Bij onze zoektocht naar opvallende Haagse voetbalverhalen bij deze uit dagblad Het Binnenhof van 1978 een artikel over echte clubliefde:

Zonder enige schroom zijn de aanbiedingen terzijde geschoven. John Nieuwenburg piekert er eenvoudigweg niet over om Oranjeplein te verlaten. “Het Belgische Roeselare wilde me graag hebben en Rob Baan, toen hij nog bij FC VVV zat, heeft ook verschillende keren geprobeerd om me over te halen bij hem te komen spelen. Ik heb er totaal geen behoefte aan. Oranjeplein is mijn cluppie en ik heb het er verschrikkelijk naar m’n zin. Waarom zal ik dan weg gaan? De sfeer bij ons is uniek. Ook een RVC en VUC trekken me niet. Misschien kom ik met Oranjeplein ook wel snel op het niveau van deze clubs.”

Iets wat niet onwaarschijnlijk is want de formatie van trainer Bertus van Spronsen werkt de laatste seizoenen aan een geweldige opmars. De Buurtweg-bewoners zijn nu in de tweede Klasse aanbeland en gezien hun kwaliteiten liggen ook daar de mogelijkheden om als debutant successen te vergaren. Ook Nieuwenburg gelooft daar wel in. “Ik denk dat we het komende seizoen zeker bij de eerste vijf gaan eindigen, misschien nog wel hoger. ”
De 24-jarige middenvelder maakte de promotie naar de 2e Klasse overigens vanuit de dug-out mee. Vier wedstrijden voor het einde van de competitie raakte hij geblesseerd. “In de uitwedstrijd tegen Scheveningen werd mijn voet bij een schotpoging geblokkeerd. M’n enkelband scheurde en ik moest in het gips. Het was verschrikkelijk die laatste wedstrijden in de dug-out. Het is me toen wel opgevallen dat we vanuit een achterstand zo knap konden terugkomen. Dat is bij Oranjeplein nooit zo geweest. Bij een achterstand zakten we mentaal meestal weg.”

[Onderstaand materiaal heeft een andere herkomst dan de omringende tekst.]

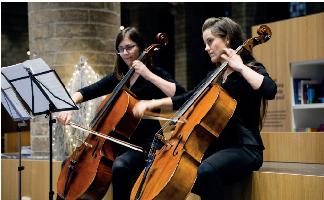
A much acclaimed concert in Ostende, Belgium

De overgang naar de 2e Klasse betekent wel dat Oranjeplein daarin waarschijnlijk de ploeg met één der poverste accommodaties wordt. “Het seizoen moet nog beginnen maar als je ziet hoe het ene veld wat we hebben aan de Buurtweg er nu al bij ligt dan is dit droevig. Trainen doen we tegenwoordig op een strook bij de hockeyvelden. We doen dit overigens maar twee keer per week. Slechts weinig spelers bij ons hebben behoefte aan meer, wij zijn niet zo gek op trainen”, aldus de zoon van de voorzitter.

Dankzij die aparte sfeer, die de spelers zo aan elkaar bindt, heeft Oranjeplein geen spelers zien vertrekken maar konden er wel drie worden begroet. “John de Bruin van ESDO en de gebroeders Van der Berg van Spoorwijk hebben we er bij. Niet zo vreemd hoor, want ze hebben alle drie vroeger al bij Oranjeplein gespeeld. Zo gaat dat met de meesten die weggaan. Ze komen na verloop van tijd vanzelf weer terug bij Oranjeplein.